Furthermore, analysis of the SNPs in the six A.2 lineages (three from the present study and three sequences from patients in the U.S.) revealed that two of the Nigerian A.2 lineages were not direct ancestors of the U.S. A.2 sequences and that the A.2 lineage was undergoing diversification. The A.2 lineage sequences also formed a long branch in the amino acid-based phylogeny, which distinctly separated them from the other lineage A viruses in Clade IIb.

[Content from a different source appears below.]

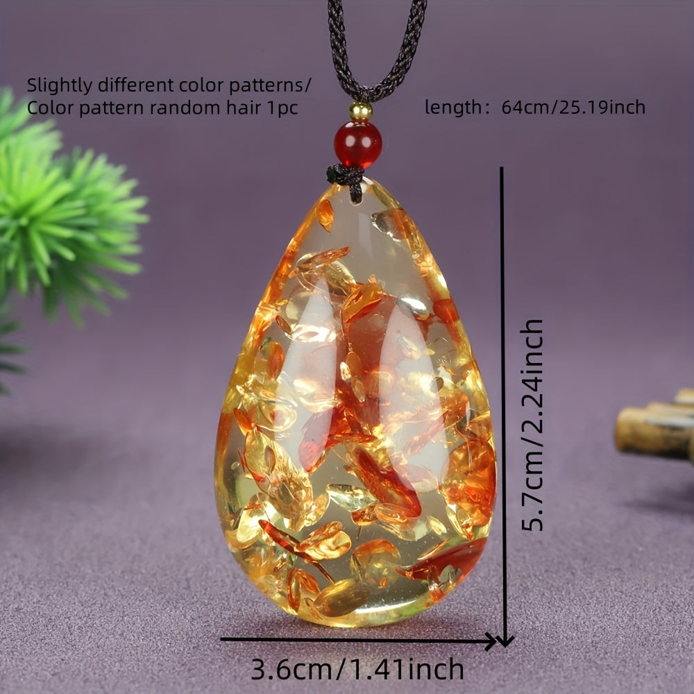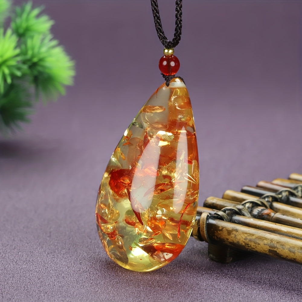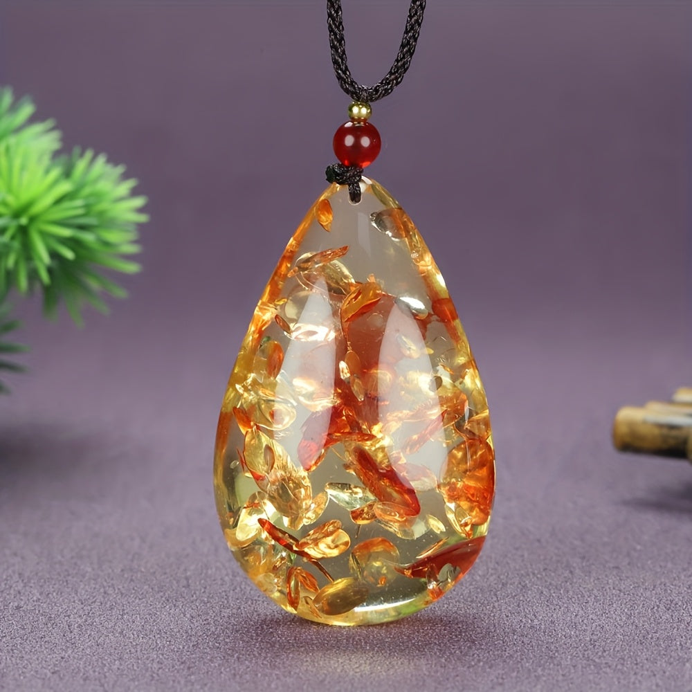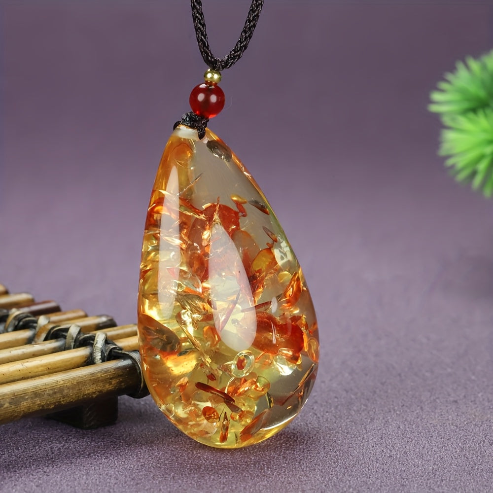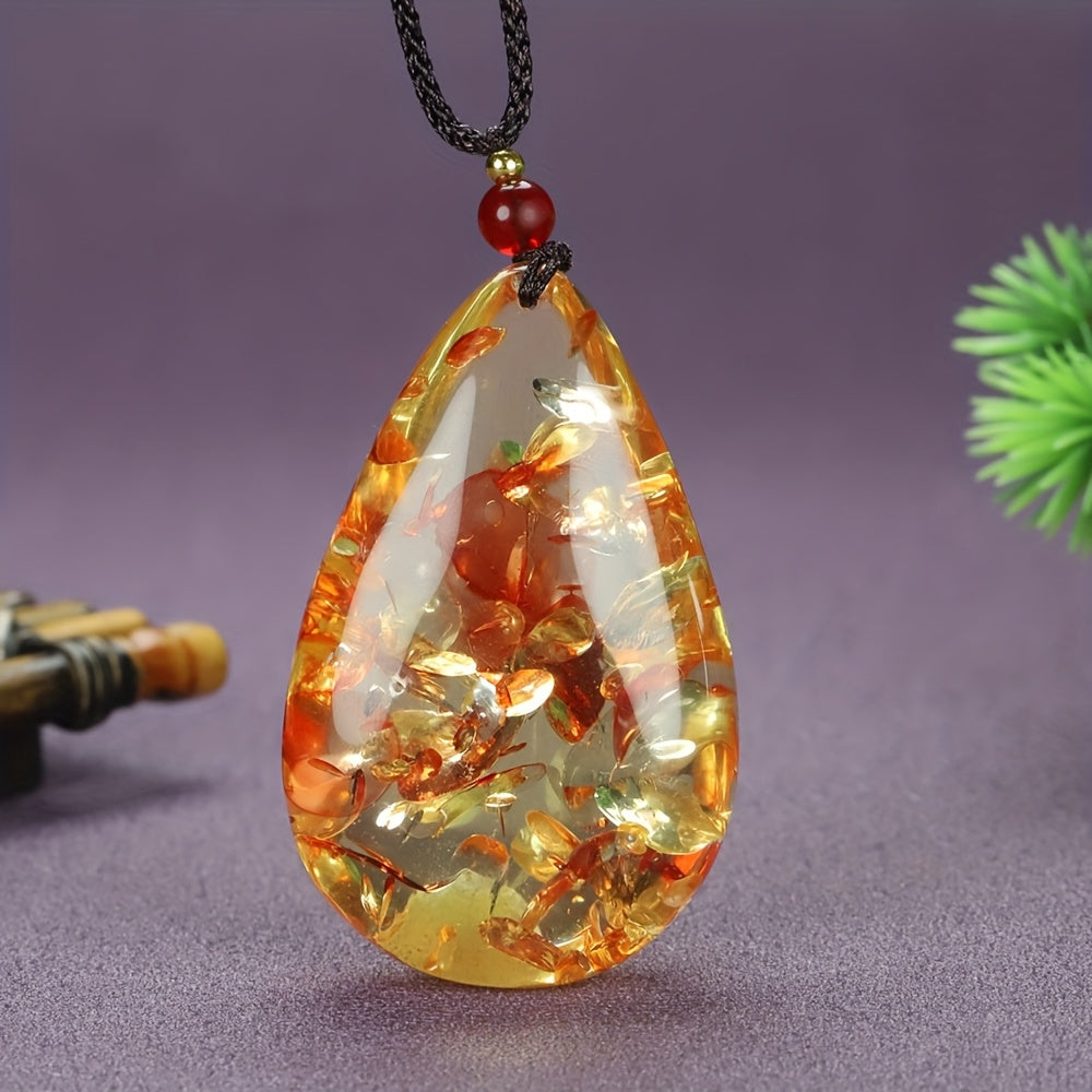 Amber Resin Pendant Necklace Teardrop Daily Wear Birthday Accessory

The amino-acid-based phylogenetic analysis also revealed two other diverging clusters among the sequences from the present study and isolates from 2018 from the U.K., Nigeria, and Israel, which cumulatively indicated the presence of multiple MPXV lineages with non-zoonotic transmissibility, in contrast to the earlier hypothesis of a single zoonotic transmission event and subsequent divergence.

Conclusions

To summarize, the results suggested that the MPXV lineage A.2, which was detected in the U.S. concurrent with the 2022 outbreak of the B.1 lineage, originated in West Africa and was present in the Nigerian population before it spread to North America. Furthermore, contrary to the earlier hypotheses that the non-endemic lineages are a result of a single zoonotic event and subsequent divergence and human-to-human transmission, the results suggest that multiple lineages with non-zoonotic transmissibility were already in circulation in Nigeria.

*Important notice: bioRxiv publishes preliminary scientific reports that are not peer-reviewed and, therefore, should not be regarded as conclusive, guide clinical practice/health-related behavior, or treated as established information.